So here I am. Trying to decide whether or not I want to write this email to my future music composition teacher. I have been in a slump really when it comes to hearing music. After I supressed it, I have had a hard time hearing the music again.
Fro christmas I wanted August Rush because it is one of my all time fav. movies. So I watched it yesterday, and finished it today. I fucking love that movie, yeah it's so impossible but the music in that movie is amazing and it's nspirinng that this boy views music with that music love.
So half way through the movie last night I had to go to bed. Before I fell asleep I started thinking about why I liked music to make me want to do it with my life. And then I thought about it and I know why, and I know why I want to learn how to write it all down. And I thought of a great example!

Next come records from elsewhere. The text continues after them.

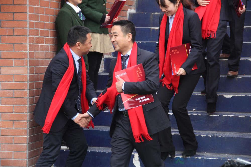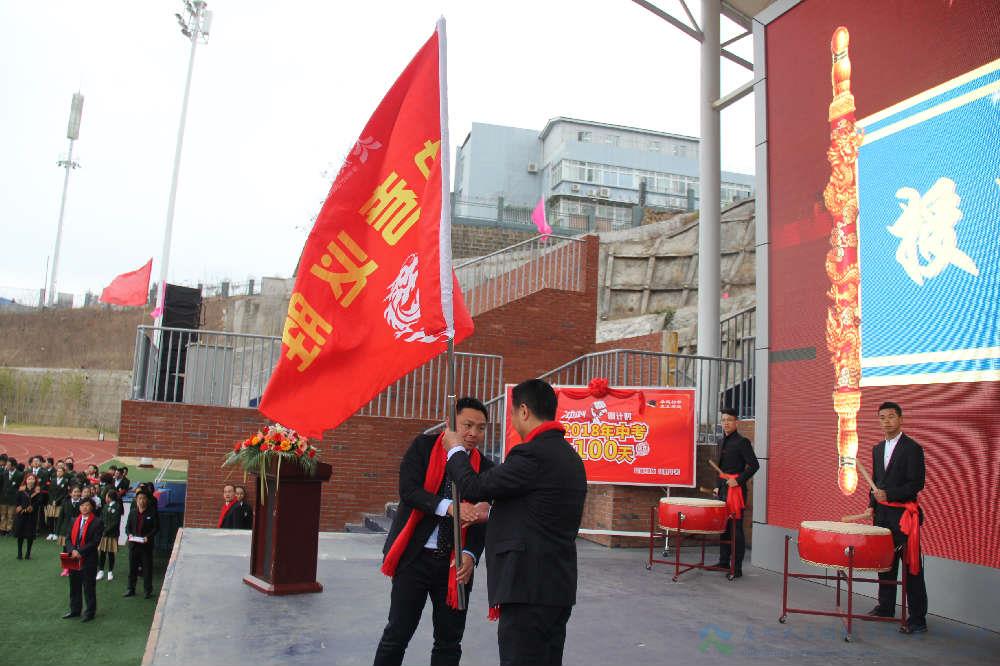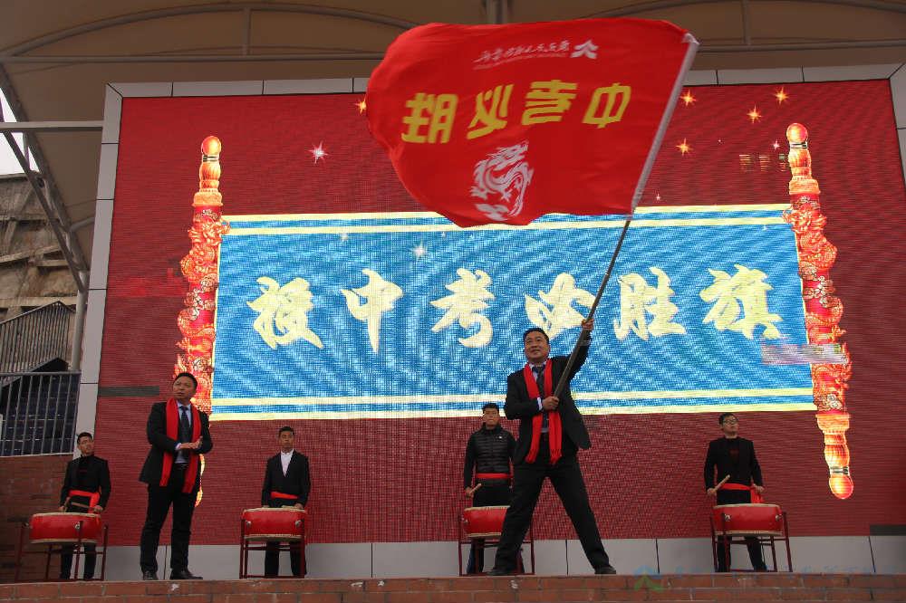 黄永贵校长向初三年级授中考必胜旗,初中分管初三年级李才副校长上台接旗。此刻,鼓声、掌声、欢呼声、呐喊声见证着这神圣庄严的时刻!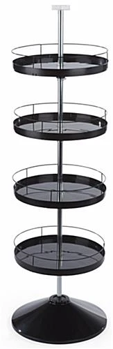 4 Tier Display Rack W/ Rotating Trays, Floorstanding, Top Sign Clip – Black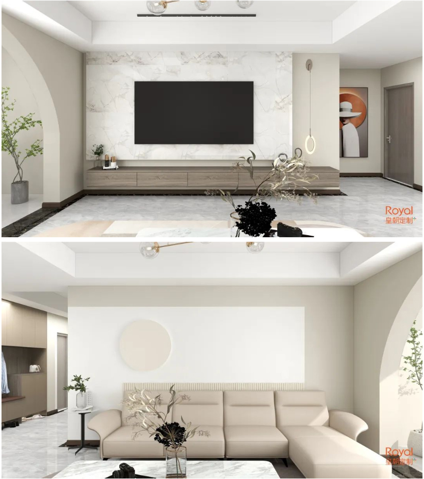 沐浴在阳光下,幸福感就如同光影般围绕在身边。阳台封闭,开辟出一方小小的休闲天地。一字型的电视柜搭配岩板背景,柔和的皮沙发泛着阳光的影子,舒适又慵懒。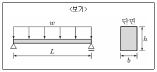<보기>와 같은 단면을 가진 단순보에 등분포하중(ω)이 작용하여 처짐이 발생하였다. 단면 높이 h를 2h로 2배 증가하였을 경우, 보에 작용하는 최대 모멘트와 처짐의 변화에 대한 설명으로 가장 옳은 것은?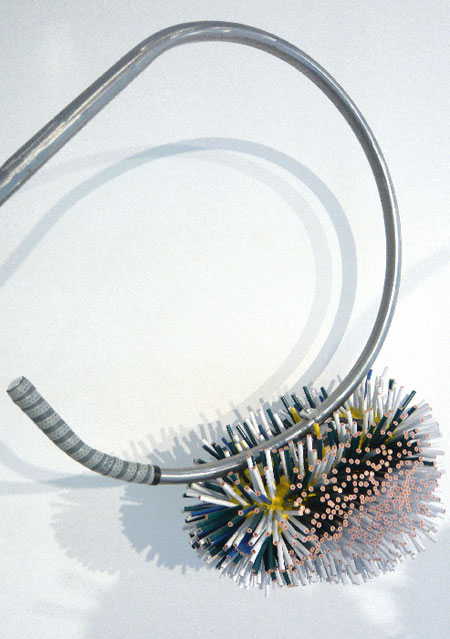 Crayons, résine polyuréthane, selle de vélo, tube métallique, trottinette, grip, dimensions variables

You know when you're singing your favorite song and you just sing a certain set of lyrics and a certain voice of the song because you can only do one at a time, but in your head you're hearing the rest of the song go with you, but the only thing everyone else can hear is that certain voice and those certain lyrics. Or when you're beating your pencil against a table or desk along with a song in your head and someone looks at you funny because they aren't hearing that same song. Yeah, that's my head except I don't sing it or beat it. I can hear the entire song, every note, every voice and everything. But I can't let everyone else hear it. It's insanely frustrating. All I do is hear and hear being unable to share it. It's so infuriatingly frustrating.
It's like, WELL GOD IF YOU FUCKING EXIST WHY WOULD ALLOW ME TO HEAR THIS MUSIC AND BE UNABLE TO SHARE IT WITH THIS WORLD?!
It sucks. I hate it sometimes not being able to share it.
Where does it come from? I don't know, it starts out with a simple rhythm and a feeling, an emotion be it. Then I add another voice, sometimes all of them at once, with out my consent of course. And depending on what I heard I go either to bass or soprano voices, depending what I started with. I need to find a way to know what these notes instantly. I need perfect pitch because I hear the entire symphony all at fucking once. I need to learn how to write it down immediately.
Ugh, I'd write more but I'm a bit frustrated.